How to Fix a Leaky, Underinsulated Exterior Wall
When I began remodeling my master bathroom last month, I found the exterior wall ripe for some serious improvement. It had a number of problems, and I was excited to find them. It was worse than I imagined in some ways. The photo below shows the wall partially opened up.
Yes, there was insulation behind the bathtub, but as usual, there was no interior sheathing on that section. Here's a list of the problems I found:
- Termite damage. The studs on both sides of the window were eaten up and had to be replaced.
- Inadequate insulation. The wall had fiberglass batts labeled as R-7.4.
- Poorly installed insulation. I'd put a grade 3 on the installation quality of those batts.
- Sheathing with a lot of air leakage. The asphalt-impregnated fiberboard sheathing wasn't tight against the framing (photo below). As you can see, there was a lot of air movement in the cavities. (See my previous article on this air leakage.)
- Uninsulated band joist. No insulation or air-sealing at all here.
The photo below shows the approach I took. I couldn't do anything from the outside because of the brick veneer, so my first objective was to eliminate the air leakage pathways in the sheathing. I chose to use the cut-and-cobble method and put extruded polystyrene (XPS) foam board in the back of each cavity. I sealed them into place with one-part spray foam and a professional foam gun. I had to tack most of them into place to hold them there while the foam cured.

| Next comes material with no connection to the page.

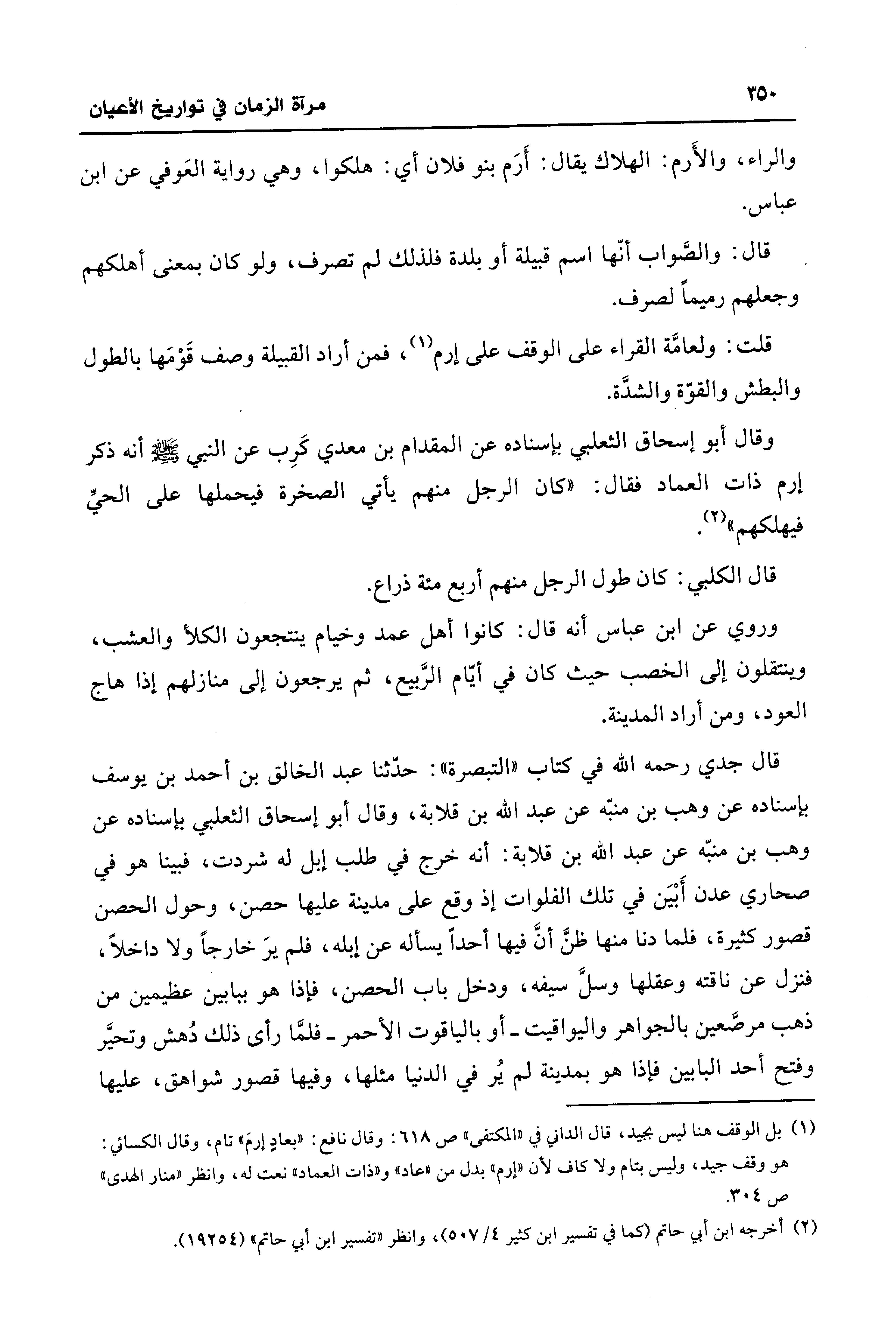 قال جدي رحمه الله في كتاب "التبصرة": حدَّثنا عبد الخالق بن أحمد بن يوسف بإسناده عن وهب بن منبّه عن عبد الله بن قلابة، وقال أبو إسحاق الثعلبي بإسناده عن وهب بن منبّه عن عبد الله بن قلابة: أنه خرج في طلب إبل له شردت، فبينا هو في صحاري عدن أَبْيَن في تلك الفلوات إذ وقع على مدينة عليها حصن، وحول الحصين قصور كثيرة، فلما دنا منها ظنَّ أنَّ فيها أحدًا يسأله عن إبله، فلم يرَ خارجًا ولا داخلًا، فنزل عن ناقته وعقلها وسلَّ سيفه، ودخل باب الحصن، فإذا هو ببابين عظيمين من ذهب مرصَّعين بالجواهر واليواقيت -أو بالياقوت الأحمر- فلمَّا رأى ذلك دُهش وتحيَّر وفتح أحد البابين فإذا هو بمدينة لم يُر في الدنيا مثلها، وفيها قصور شواهق، عليها

The reason I chose XPS instead of polyisocyanurate is its better drying capability. A half inch of XPS has a vapor permeance of about 2 perms, making it a class 3 vapor retarder. Polyiso, with its foil facing, has a permeance less than 0.2, making it a class 1 vapor retarder.
On top of the XPS, I installed unfaced fiberglass batts. I chose unfaced batts because the kraft paper facing is unnecessary in an above-grade wall in our location (IECC climate zone 3). The paper facing also makes it harder to install the batts well.
I installed the batts with minimal compression and so they completely filled the cavities. Yes, because of the 1/2" of XPS in the cavity, they're all compressed a little bit in depth. Because they're friction fit against the studs, there's a little bit of lateral compression as well. I still give myself a grade 1 on the install, though. What do you think?
In the band joist, I used salvaged blocks of XPS held in place with a 2-part spray foam kit. That should cut the air leakage significantly — as well as the spider infiltration. Yes, I found spider webs in those joist bays over our master bath. Who knows how many generations of spiders have lived and died up there?
Some of the products I used here aren't available from the big box stores. I bought both kinds of spray foam and the unfaced batts from my friend Rod MacKenzie at Green Building Resources.
The R-value improvement
I ran the numbers in my series & parallel heat flow spreadsheet. The original wall, with its R-7.4, grade 3 batts, wasn't very good. But it wasn't as bad as it could have been. The Celotex sheathing has an R-value of 1.5. Plywood and OSB come in at about R-0.5, so that extra R-1 of continuous insulation does help.
Here are the numbers for the whole-wall R-value:
That's a 50% improvement in the R-value. Not bad.
As I described above, my fix also should cut the air leakage significantly for that section of wall. Unfortunately, I won't be able to quantify that with before-and-after blower door tests. Our owners' association had the floor of our building air-sealed and insulated with spray foam at the same time I was doing this work.
This week I'm working on getting electrical work done, installing my exhaust fan, and then closing up the walls and ceiling with drywall and backerboard as we get ready for the finishes.